TRY IT - Return verbatim the lines that run from the one holding "PRODUCT DESCRIPTION Featuring" to the end of the listing, both ends included, without the pictures.
== == ==
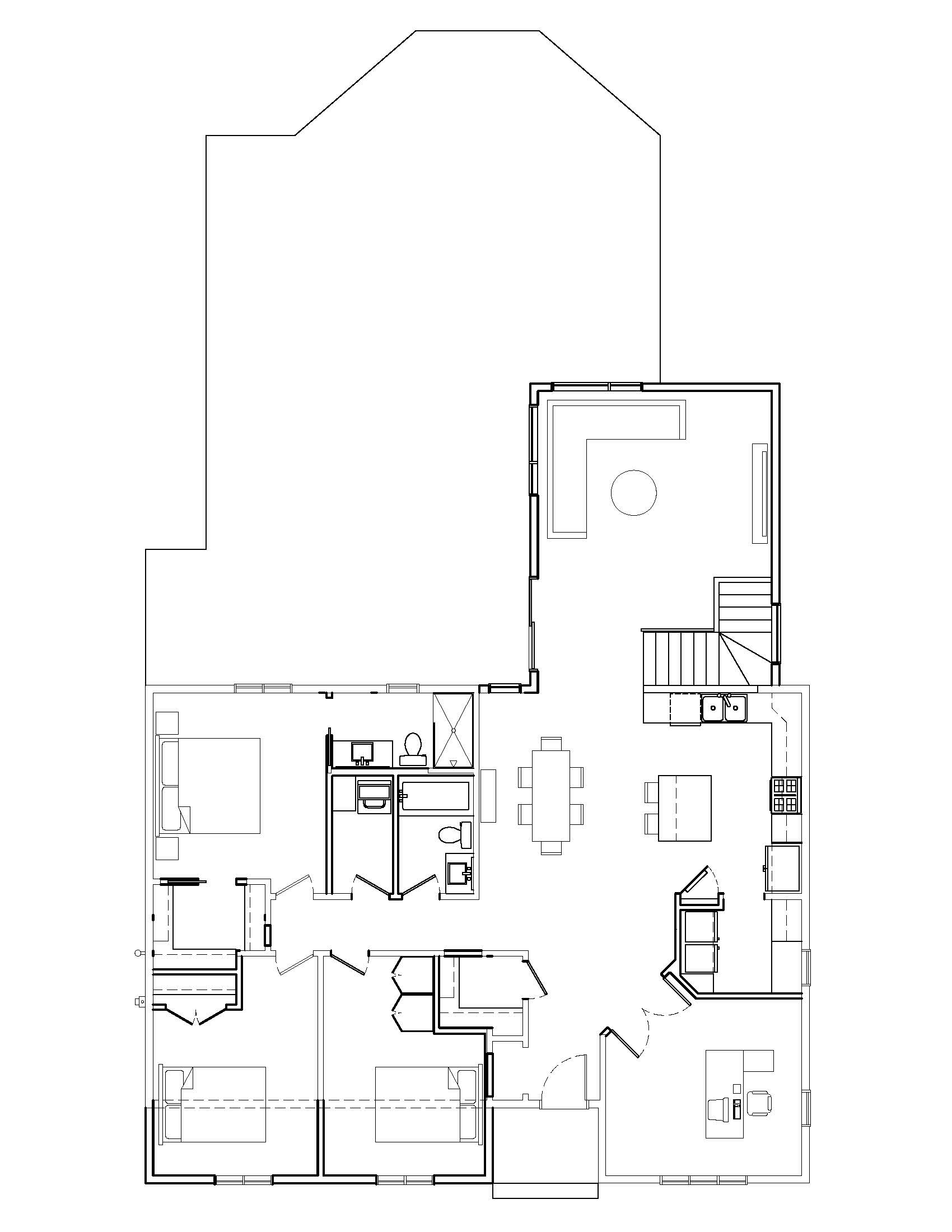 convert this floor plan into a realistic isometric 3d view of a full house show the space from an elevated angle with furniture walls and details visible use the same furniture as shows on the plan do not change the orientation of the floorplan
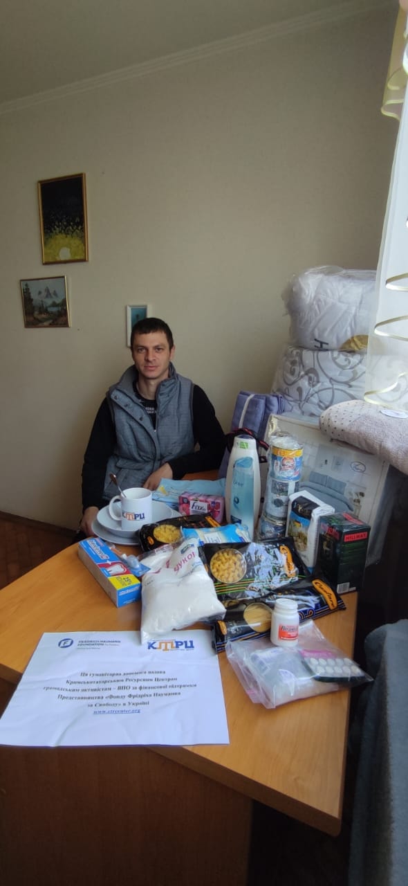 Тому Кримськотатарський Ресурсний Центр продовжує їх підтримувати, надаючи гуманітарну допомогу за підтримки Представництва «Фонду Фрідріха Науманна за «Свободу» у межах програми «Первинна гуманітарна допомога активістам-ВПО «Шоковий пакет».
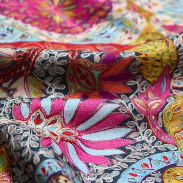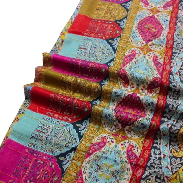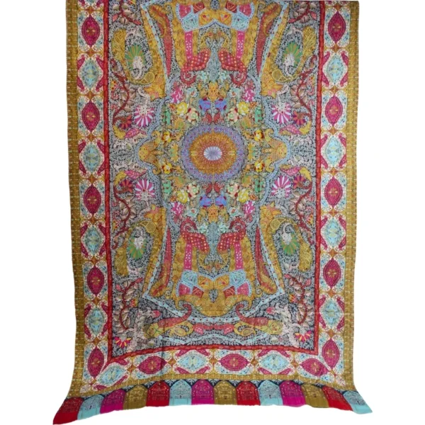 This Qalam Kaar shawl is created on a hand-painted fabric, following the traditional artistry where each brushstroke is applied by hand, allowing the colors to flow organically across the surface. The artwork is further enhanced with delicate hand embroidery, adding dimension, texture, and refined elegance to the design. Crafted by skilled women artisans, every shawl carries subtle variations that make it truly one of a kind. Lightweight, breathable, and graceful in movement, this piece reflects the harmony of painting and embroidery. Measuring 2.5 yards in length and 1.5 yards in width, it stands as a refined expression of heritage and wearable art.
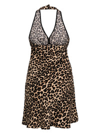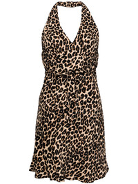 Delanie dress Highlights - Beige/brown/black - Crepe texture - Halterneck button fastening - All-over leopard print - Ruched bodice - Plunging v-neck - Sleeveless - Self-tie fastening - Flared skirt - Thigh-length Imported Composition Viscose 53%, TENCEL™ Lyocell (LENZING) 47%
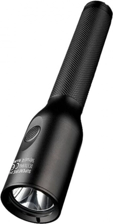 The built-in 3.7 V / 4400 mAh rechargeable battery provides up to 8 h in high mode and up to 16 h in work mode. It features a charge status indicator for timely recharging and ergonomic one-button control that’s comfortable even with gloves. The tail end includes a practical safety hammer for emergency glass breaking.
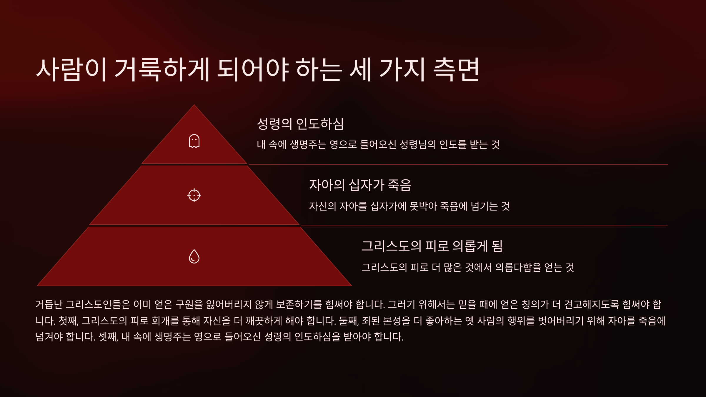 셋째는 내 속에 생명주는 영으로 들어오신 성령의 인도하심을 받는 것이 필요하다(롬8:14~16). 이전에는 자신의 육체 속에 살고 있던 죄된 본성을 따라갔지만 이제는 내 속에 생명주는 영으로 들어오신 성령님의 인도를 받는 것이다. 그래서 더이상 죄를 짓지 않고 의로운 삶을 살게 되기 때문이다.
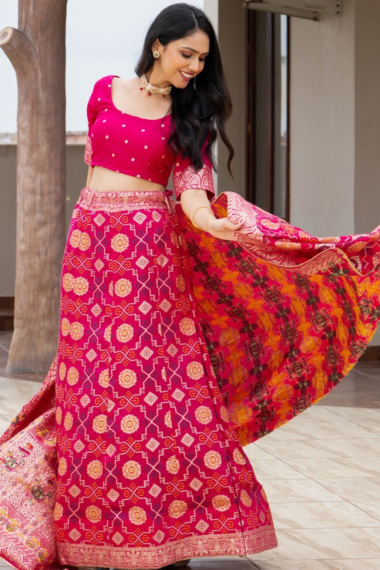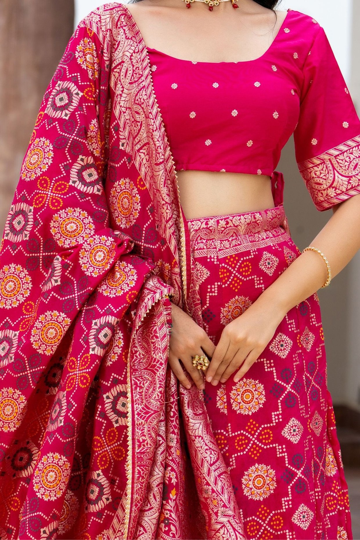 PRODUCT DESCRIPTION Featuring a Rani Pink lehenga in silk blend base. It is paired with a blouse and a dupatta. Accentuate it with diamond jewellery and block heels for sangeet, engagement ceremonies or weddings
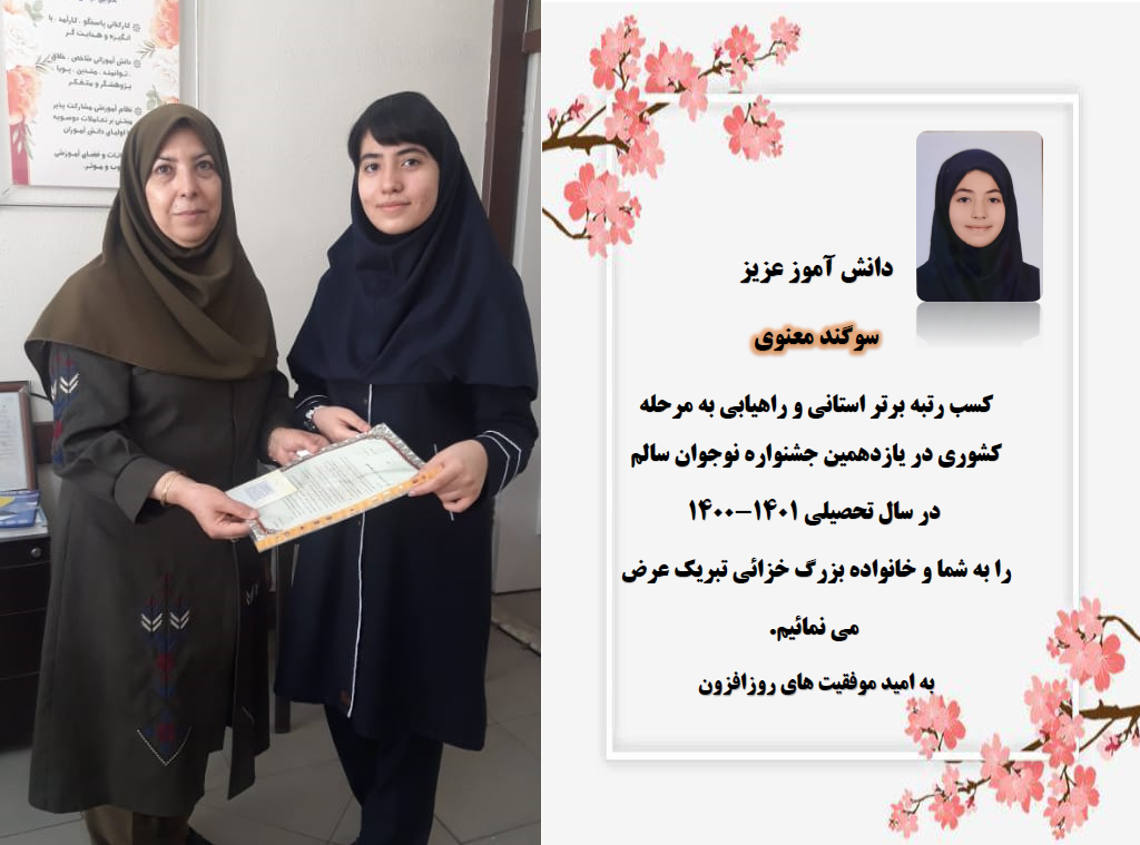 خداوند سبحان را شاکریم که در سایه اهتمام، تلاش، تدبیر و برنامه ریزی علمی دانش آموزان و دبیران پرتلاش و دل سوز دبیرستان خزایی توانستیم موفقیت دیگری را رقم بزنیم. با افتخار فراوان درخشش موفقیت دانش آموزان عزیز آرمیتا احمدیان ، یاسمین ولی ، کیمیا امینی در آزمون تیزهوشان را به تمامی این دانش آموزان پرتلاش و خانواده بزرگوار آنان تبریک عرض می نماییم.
== == ==
SOLUTION BELOW -
 PRODUCT DESCRIPTION Featuring a Rani Pink lehenga in silk blend base. It is paired with a blouse and a dupatta. Accentuate it with diamond jewellery and block heels for sangeet, engagement ceremonies or weddings
 خداوند سبحان را شاکریم که در سایه اهتمام، تلاش، تدبیر و برنامه ریزی علمی دانش آموزان و دبیران پرتلاش و دل سوز دبیرستان خزایی توانستیم موفقیت دیگری را رقم بزنیم. با افتخار فراوان درخشش موفقیت دانش آموزان عزیز آرمیتا احمدیان ، یاسمین ولی ، کیمیا امینی در آزمون تیزهوشان را به تمامی این دانش آموزان پرتلاش و خانواده بزرگوار آنان تبریک عرض می نماییم.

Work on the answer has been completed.